The Mudcat Café TM
Thread #121690   Message #2660483
Posted By: Don Firth
19-Jun-09 - 05:30 PM
Thread Name: hurt my guitar to tune it a step high?
Subject: RE: hurt my guitar to tune it a step high?
It's my understanding that string tension goes up exponentially. A guitar is built to handle a particular level of string tension, and tuning it a full step over what it is built to take can do all kinds of nasty things. Among other things, it can warp you neck or tear your bridge off. Also, you would increase the chances of string breakage, and when a string breaks, it can have the combined characteristics of a cheese cutter and a bullwhip. Not nice!

Don't do it!!   Find another way

There is not that much to learning to use a capo. It simply has the effect of shortening the neck of the guitar so that, with a capo on the second fret, if you play a D chord, it comes out an E chord. Simple as that.

Get a good capo (I use a Shubb) and spend some time getting used to playing with it. Also, learn to play in at least two keys (C and G would be good, because you also have easily available relative minors: Am and Em).

If you get a Shubb capo, be sure you get the right one for your guitar. Most steel string guitars have a slightly curved fingerboard, so you need the slightly curved capo. But some guitars, such as classics and earlier designed parlor guitars have flat fingerboards so you need the straight one.
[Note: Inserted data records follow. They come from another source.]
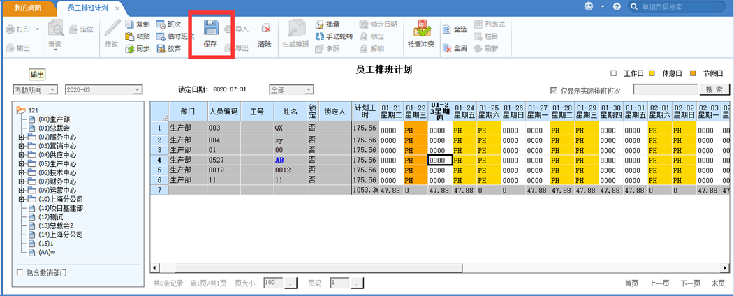 4、导入后,员工排班计划里只显示excel里维护的人员,此时必须点“保存”,导入的内容才会生效,这个界面也支持右键选择班次,手工调整排班。
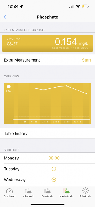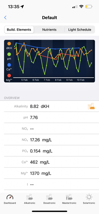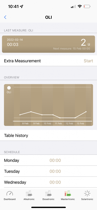 The dashboard of the AIO app shows the user the latest records of tests from the Mastertronic, Alkatronic and even light schedule of the Solartronic. A simple and intuitive view of the system’s current state.
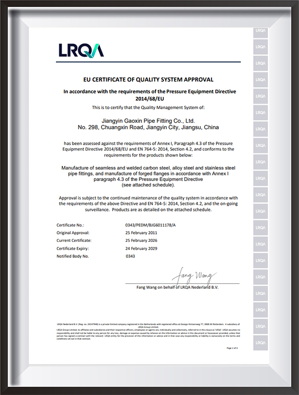 | Sijil | PED, AD2000, EAC, ABS, BV, DNV, NORSOK M650, ISO9001, ISO14001, ISO45001, dsb. |
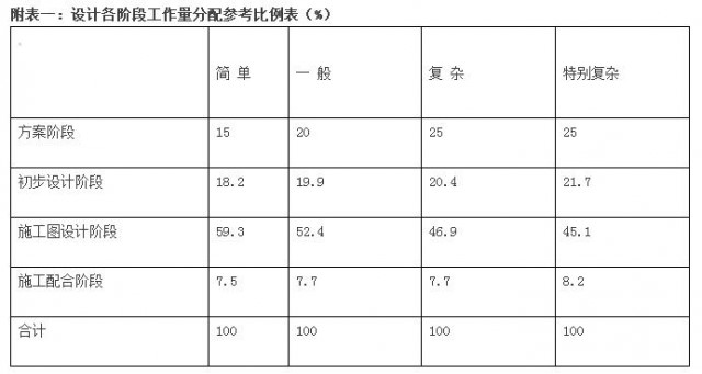 定額》(住房和城鄉(xiāng)建設(shè)部頒發(fā)),詳見附表一《設(shè)計各階段工作量分配參考比例表》。

Shubb makes both kinds. If you get the wrong one, it won't fret the strings evenly and you might get string-buzz.

But don't tune your guitar higher than it was built for. Concert pitch (440-A) maximum.

Don Firth

P. S. By the way, if the guitar is built for nylon strings (more lightly strutted than a steel string guitar and with no truss rod in the neck) the effect of tuning the strings higher than normal can be just as damaging.